Nick Cohen Nick Cohen

We are all journalists now

As the cops round up journalists, Trevor Kavanagh’s protest in the Sun has aroused amazement and some scorn. ‘Witch-hunt has put us behind ex-Soviet states on Press freedom’ — ran the headline, and the gist of the complaint among my friends was that it was a self-pitying and self-aggrandising piece of work.

Whatever you think of the Sun or Kavanagh, however, it is worth hearing him out for three reasons.
 
1. Kavanagh is being brave. We ought to applaud Hugh Grant for standing up to the tabloids even though he knows they will give him a bad press for the rest of his career. (You will have noticed that nearly everyone else in the celeb pack has let Grant and a few others fight their battles for them while they cower in a prudent silence.) Similarly, we ought to applaud Kavanagh for standing up to his employers — something hardly any journalist or politician has done since Mrs Thatcher’s day.

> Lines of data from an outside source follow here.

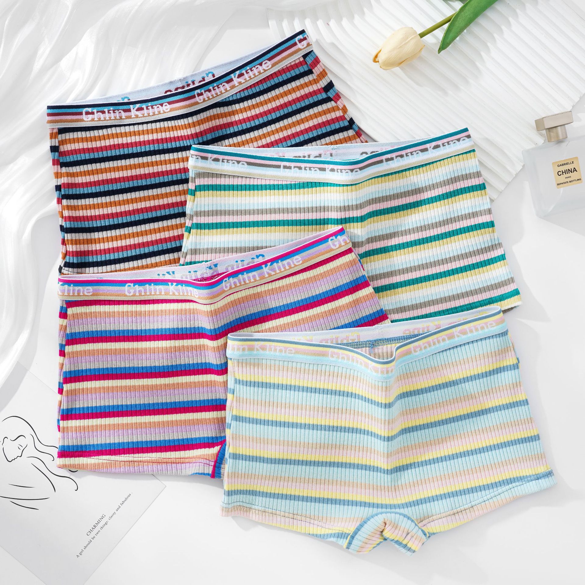 Calzoncillos Boxer a rayas retro Calzoncillos Boxer de cintura media para mujer moda europea y americana más ropa interior de algodón ropa interior sin exposición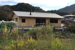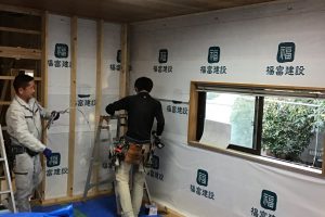 1階の床板貼りに向けて作業を進めています。 断熱材を入れ、根太を取り付けていきます。 断熱材はウールブレスを使用しています。 軒天の板が貼れました。 杉の板を貼っています。 ・・・・・・・・・・・・・・・・・・・・・・・…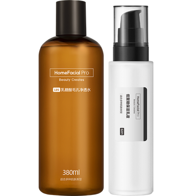 能够净化肌肤的水乳套装,乳糖酸水可帮助收敛粗大毛孔,清除黑头与闭口。低聚糖乳液内含锁水成分,可带来为肌肤带来长久保湿。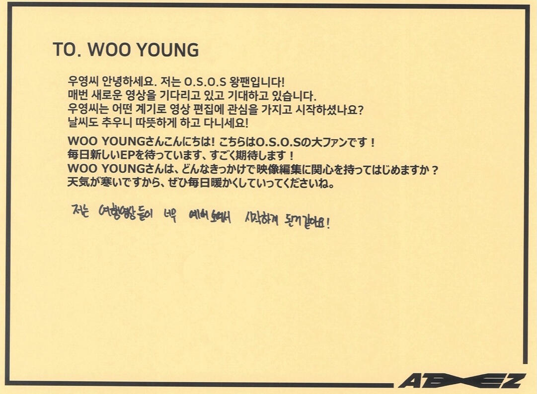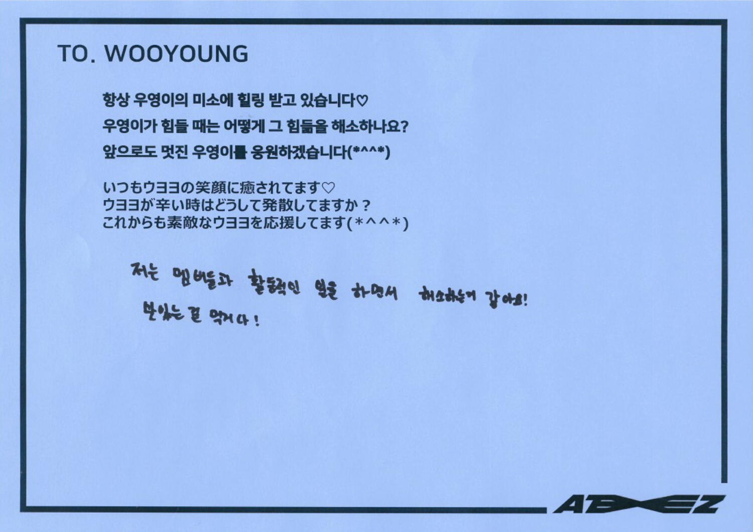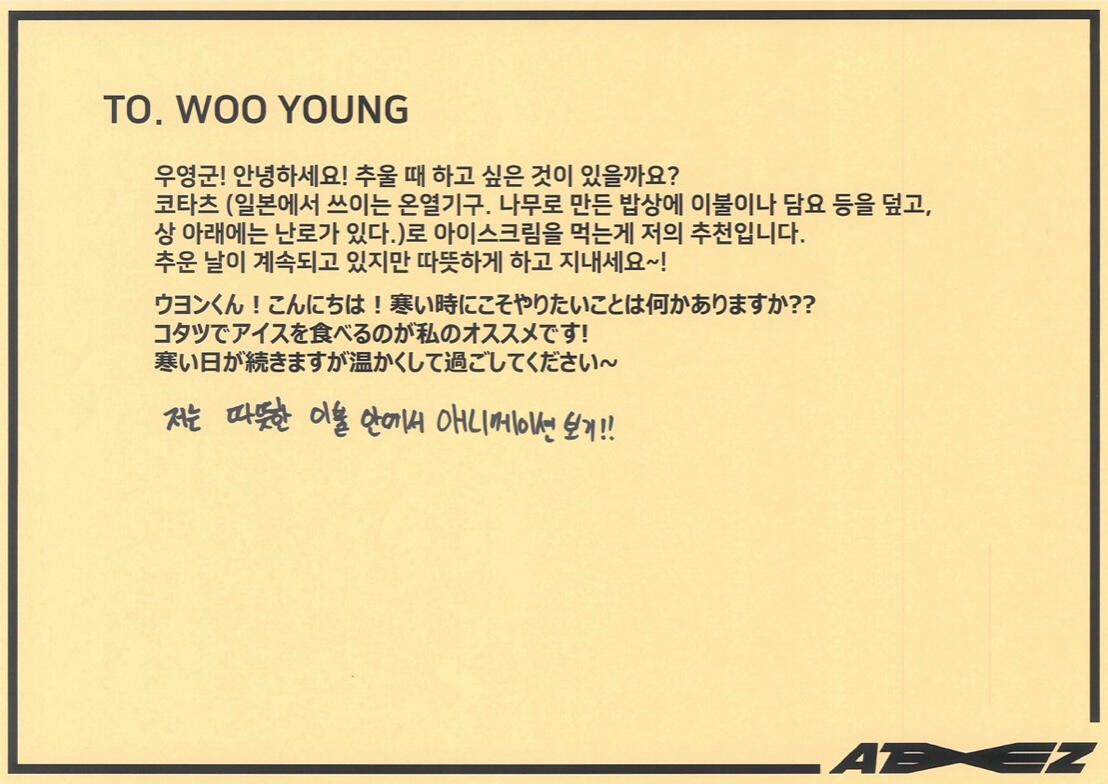 From. ATEEZ WooyoungWe will protect you anytime, anywhere, and don't worry about us because we're close to each other! Thank you always, I love you♡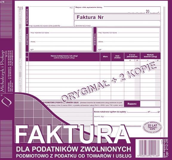 Faktura - Wzór Pełny Dla Prowadzących Sprzedaż W Cenach Brutto (13809) Boguchwała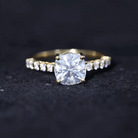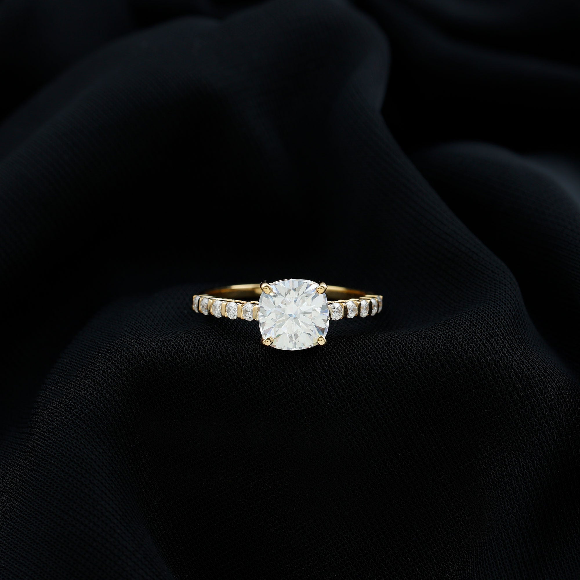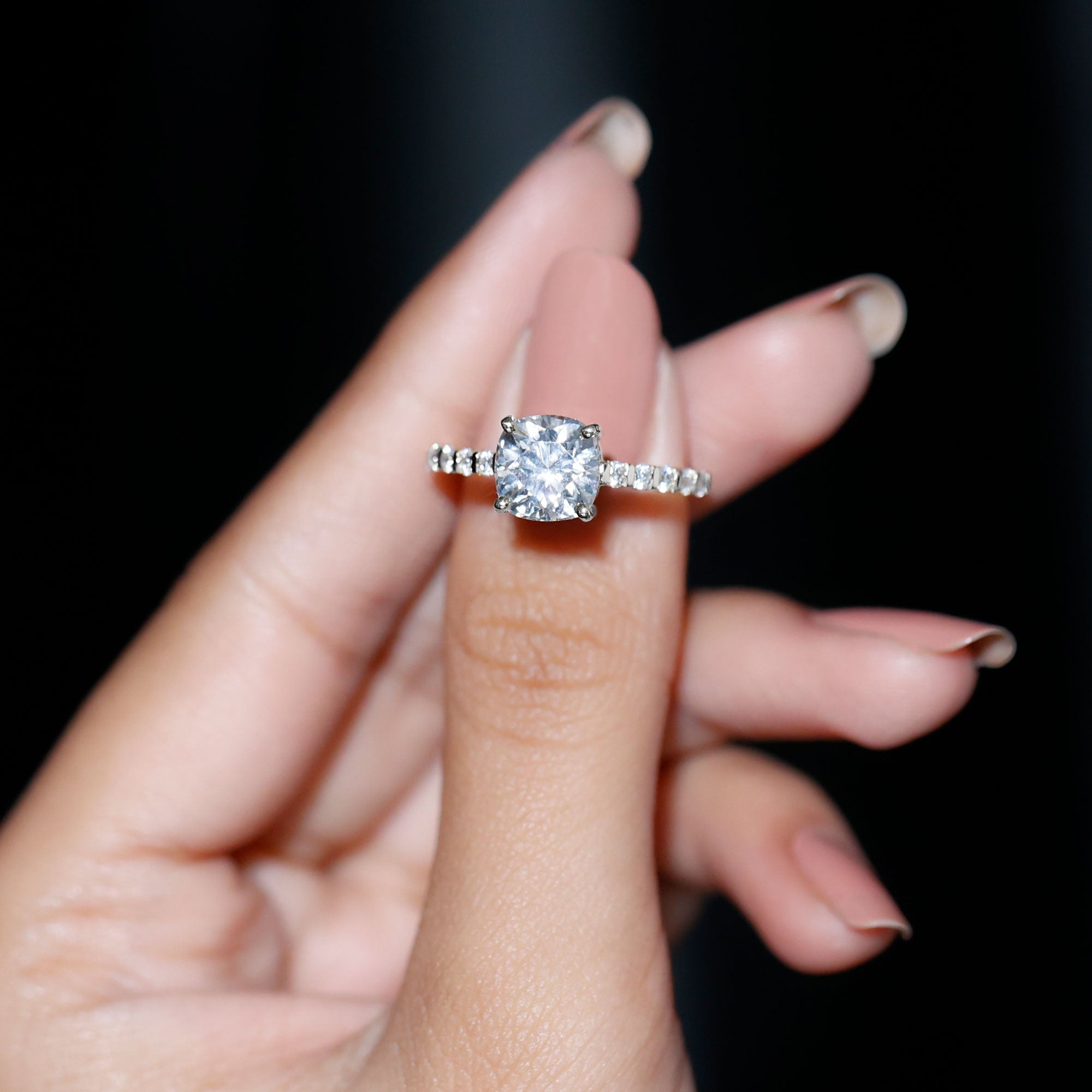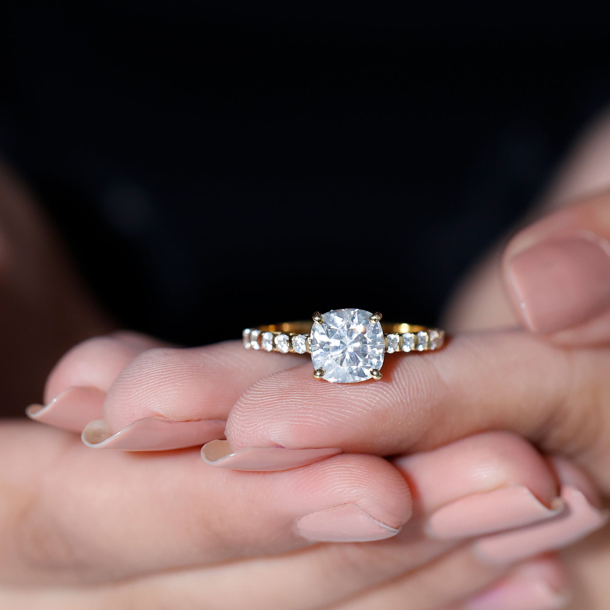 Solitaire Moissanite Cushion Cut Engagement Ring with Side Stones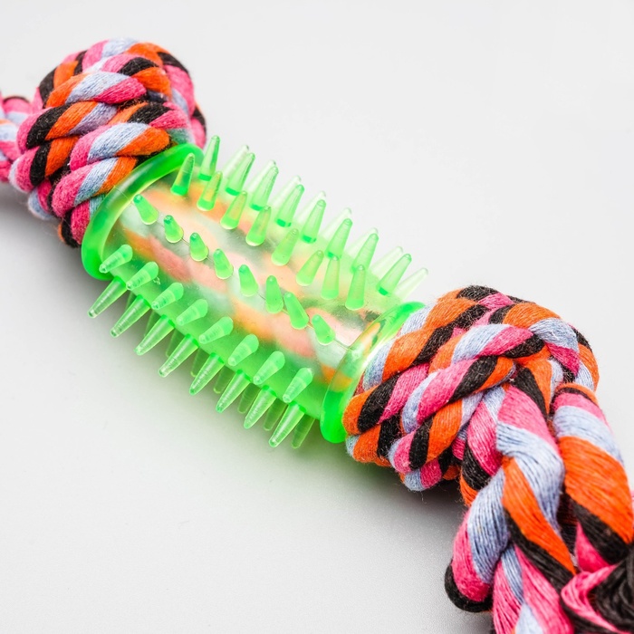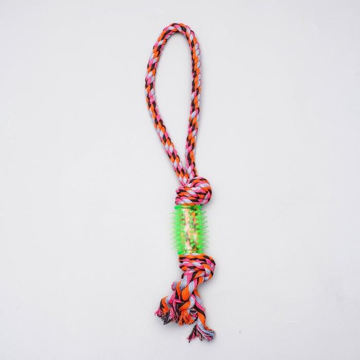 Идеальный тренажёр для здоровья зубов и весёлой игры! Игрушка для собак «Канат с зубочисткой» — это прочное и функциональное развлечение, которое помогает очистить зубы питомца и удовлетворить его природную потребность что-то грызть.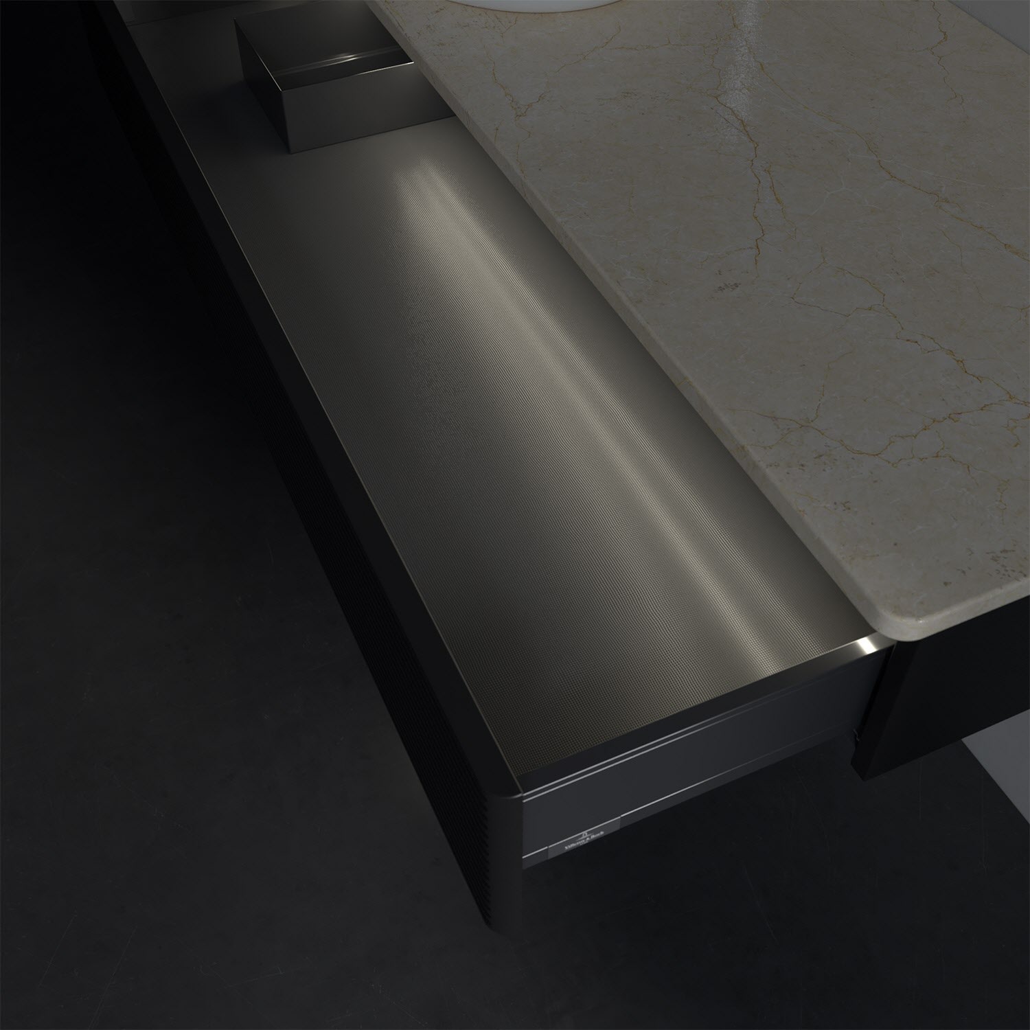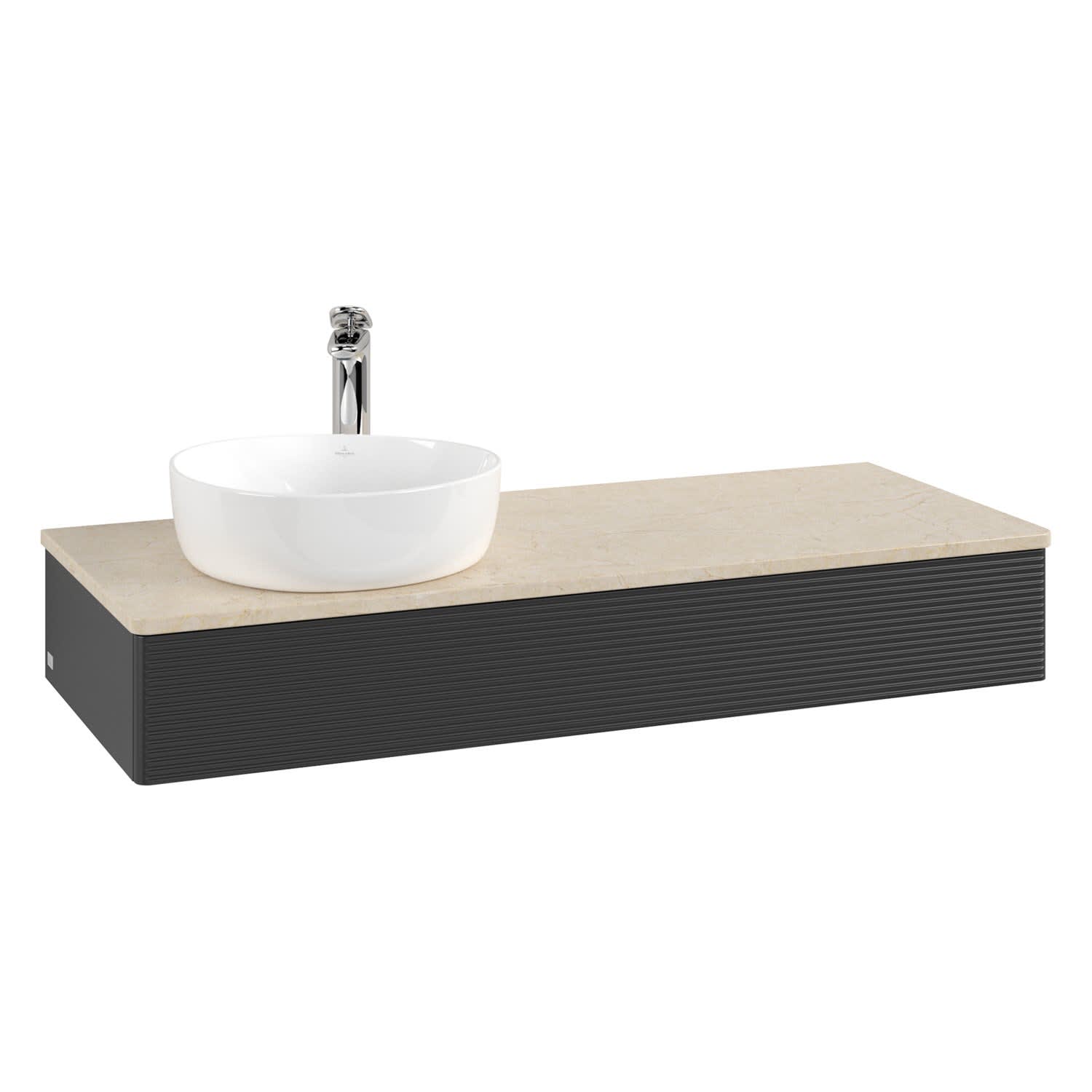 Villeroy & Boch Antao Waschbeckenunterschrank, 120 x 19 cm, 1 Auszug mit LED-Licht, Front mit Struktur, mit Hahnloch, für Waschtisch links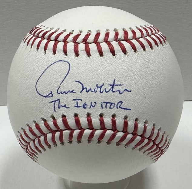 An official MLB baseball autographed by Milwaukee Brewers legend PAUL MOLITOR Signature is in blue ball point pen with the inscription "The Ignitor". Molitor was a member of the 1982 Milwaukee Brewers World Series team and was inducted into the Baseball Hall of Fame in 2004. This would make a great addition to any Twins or Brewers collection! This item was signed at our store during a Public signing with us. It is guaranteed to be 100% authentic and will include James Spence Authentication Sticker and card with matching serial numbers.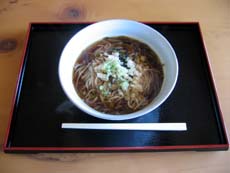 *(中右)敷地内には桑畑小学校跡碑が。 (右)風間浦村の特産品・布海苔を麺に練り込んだ《布海苔そば》(\300)を食す。うま〜(^o^)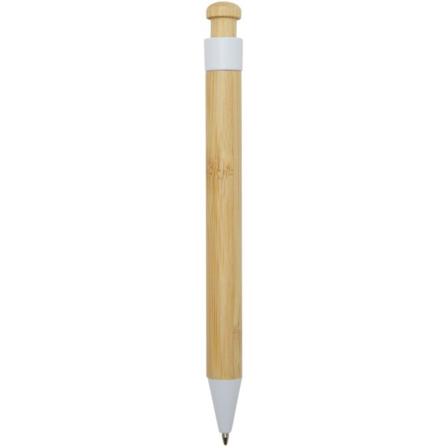 Kuličkové pero s klipem a špičkou z recyklovaného plastu, knoflík a tělo jsou vyrobeny z bambusu. Barva inkoustu: Černá. Délka psaní: 1000 metrů. Rozměr hrotu: 1,0 mm.

His article is a barely coded protest against his proprietors. To save their hides, Rupert and James Murdoch closed the News of the World last year. Now they are handing evidence to the police that detectives can use to prosecute Sun reporters. Their disloyalty is staggering. Murdoch’s employees bowed and scrapped before him, parroted his political prejudices, and sneaked and hacked to fuel his profits. Their rewards are the dole office and the police cell. Murdoch won business favours from politicians by bribing them with propagandistic coverage. Having taken all he could, he dumped them when they were no use to him. He is giving the same treatment to his journalists.

We all like to pretend that we would behave like brave dissidents if circumstances demanded. But when our employers behave in ways they should not, how many confront them? You do not need to believe that the Sun is much of a newspaper to admire Kavanagh for speaking up. Like Labour and Tory politicians before him, he has learned the wisdom of the Psalmist’s warning to ‘put not your trust in princes’.
 
2. Reporters have been paying officers of the law since pamphleteers took night watchmen to taverns to find out about the crimes of Georgian London. Kavanagh is right to say that the dawn raids by dozens of officers are an excessive response. He might have added that both the police and the politicians are anxious to divert attention from their corrupt relationships with Murdoch’s businesses by turning on its underlings. My worry about Lord Justice Leveson’s inquiry is that it will be a similar diversionary exercise on a far grander scale.
 
3. When Kavanagh says that a ‘witch-hunt has put us behind ex-Soviet states on Press freedom’ he’s right. Britain is falling down the Reporters Without Borders’ World Press Freedom Index. The Paris-based free speech organisation was concerned about the judge-made privacy law, the police seizing of material from social network sites after the riots, and a ‘surreal’ libel law that ‘despite universal condemnation’ allows the ‘entire world’ to come to sue in London. Reporters Without Borders ranks Britain 28th in the world behind the former Soviet territories of Poland, Estonia and Slovakia. Such is the state of liberty in our country.

You can read an extract from my book on what is wrong with libel in the Observer here. I wrote too about the justifiably notorious Twitter Joke trial on Sunday.

The point I need to emphasise is that libel, privacy and all the other laws covering freedom of the press affect everyone who writes online. London’s rapacious libel lawyers use Google and Google Alert to track down every unfavourable mention of an oligarch on every blog however small. Twitter means that a man joking about how desperate he is to see his girlfriend can end up in the dock and out of work. When Kavanagh and I began as reporters, we used to say that journalism was not a profession but a trade. Journalists were merely citizens with typewriters rather than members of an elite. That was true in theory, but false in practice. Most citizens could not be reporters unless a media company hired them. Now the only difference between us and everyone who blogs, self-publishes, runs a website or spreads news and opinions via Twitter and Facebook is a difference of scale.

We are all journalists now. Or we can all be journalists if we want to be. Increasingly freedom of the press in Britain affects the many, not just a handful of newspapers and broadcasting channels. When the Leveson feeding frenzy is over, you may find that it is not only the freedoms of Trevor Kavanagh the establishment has constrained, but your freedoms too.